I used Bimmercode to code in Sports+ in my 328d with a 8HP. I also coded in "Sport Automatic Transmission" mode (which comes with the 2TB package on Sport line or M-Sport line models), and man does this 8hp shift quickly when in Sports+ mode and the gear lever is moved to the left in sports transmission mode. I thought it was quick before I added this coding, but it is a huge difference afterwards.

On a side note, what trans temps are you guys seeing on your 8hp's? I am seeing around 200F +/- 5 degrees. Not really that high, but I am used to seeing a range of 170-175F in my diesel truck unloaded and never seen 200F even when towing my 14k lb 5th wheel.


----------



## Blown540 (Feb 8, 2019)

Can someone tell me for sure what year the F15 BMW X5 35d was sold, just making sure again what year will have the 8 speed auto trans-THANKS again for your help! Jim


----------



## n1das (Jul 22, 2013)

Blown540 said:


> Can someone tell me for sure what year the F15 BMW X5 35d was sold, just making sure again what year will have the 8 speed auto trans-THANKS again for your help! Jim


2014 - 2018, at least in the USA.

The last model year for the E70 X5 35d was 2013.

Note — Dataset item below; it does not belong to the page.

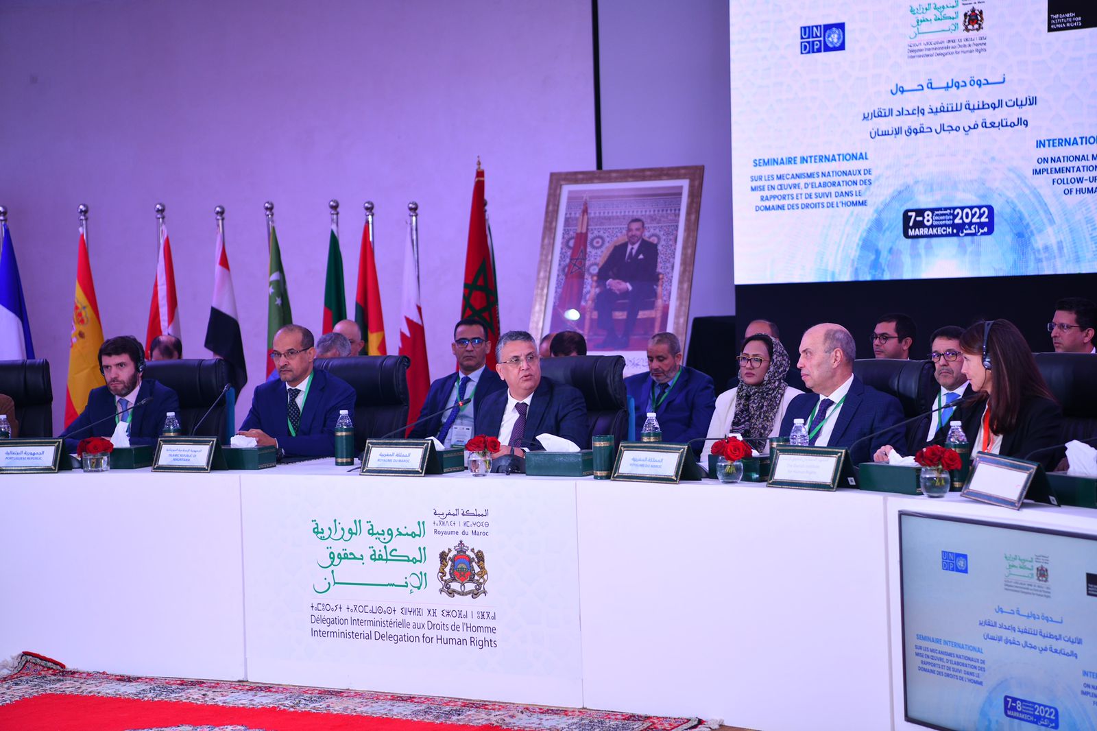 وخلال افتتاح الندوة،سجل المندوب الوزاري المكلف بحقوق الإنسان ، تثمينه لإفتتاح هذه الندوة الدولية من قبل عبد اللطيف وهبي، وزير العدل، المكلف بالسياسة الحكومية في مجال حقوق الإنسان، وحضور مختلف المشاركين والمشاركات من ضيوف المملكة المغربية، معتبرا، أن انعقاد هذه الندوة يشكل حدثا هاما من منظور سياسة حقوق الإنسان بالنسبة للآليات الوطنية للتنفيذ وإعداد التقارير والمتابعة”.

Sent from my XP8800 using Tapatalk


----------



## jfxogara (Oct 26, 2012)

The Rob Sutphin tune transformed my 335d. Really smooth, rev matching, just excellent. 

I previously had the XHP Stage 2, which was an improvement over stock.


----------



## Morne S (Feb 3, 2021)

Blown540 said:


> This has been discussed in several places, but I cannot find through much searching BMW forums and even factory specs in several magazines and websites. Can someone tell me for sure, what year the BMW x5 35d changed from a 6 speed to an 8 speed transmission.
> 
> A friend call with a 2012 and even he does not know if it is a 6 speed or 8 speed transmission. Can someone help me identify for sure, before I buy and buy thinking I am getting an 8 speed transmission?
> 
> ...


Hi , I own a 2012 X5 4.0 Diesel, and I can confirm it is a 8 speed. Ordered a Oil sump and Oil for a service at ZF with my Vin Number and it was confirmed a 8 speed.


----------



## n1das (Jul 22, 2013)

Morne S said:


> Hi , I own a 2012 X5 4.0 Diesel, and I can confirm it is a 8 speed. Ordered a Oil sump and Oil for a service at ZF with my Vin Number and it was confirmed a 8 speed.


Hi, what country are you in? We don't and can't get the good stuff in North America (USA/Canada) that the rest of the world gets. All E70 X535d cars sold in the USA have the 6 speed. I love the 8 speed in my 2014 535dx (USA spec 535dx, aka 530dx in Europe and elsewhere).


----------